Gladys Khumbidzi first moved 22 years ago, because of repeated floods. Then, in her new home, the water supply got progressively worse. The shallow boreholes were drying up at the end of the November to April rainy season, sometimes as early as February. So, seven years ago, she moved again, to Chiganji.
But, recently, Khumbidzi has struggled to grow enough to feed herself and her three grandchildren, their home being a 25-minute walk from the water pump.

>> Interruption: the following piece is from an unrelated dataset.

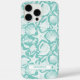 Customize this aqua shell pattern iPhone 16 pro max case with your your name in a trendy modern CAP font in aqua on white. It's so modern and beachy!
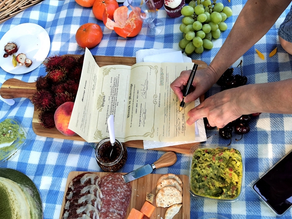 当摄影师离去后,我们开始了最重要的一幕:新郎儿子把政府部门发放的结婚证书拿了出来,小心翼翼地摊在野餐的垫子上,拿出笔让先生和我作为“证婚人”在空白栏上签字。

“In the first years, I could plant the vegetable gardens. But now … one year it will work, another year it will not work,” she said, recalling a year where the rain had not stopped – destroying her crops, and then last year, when the drought killed everything.
Khumbidzi, who is in her mid-60s , said she was too old to move again: “As the elders say, a rolling stone gathers no moss. I feel that I have rolled enough in my life. If I die, I will die right here.”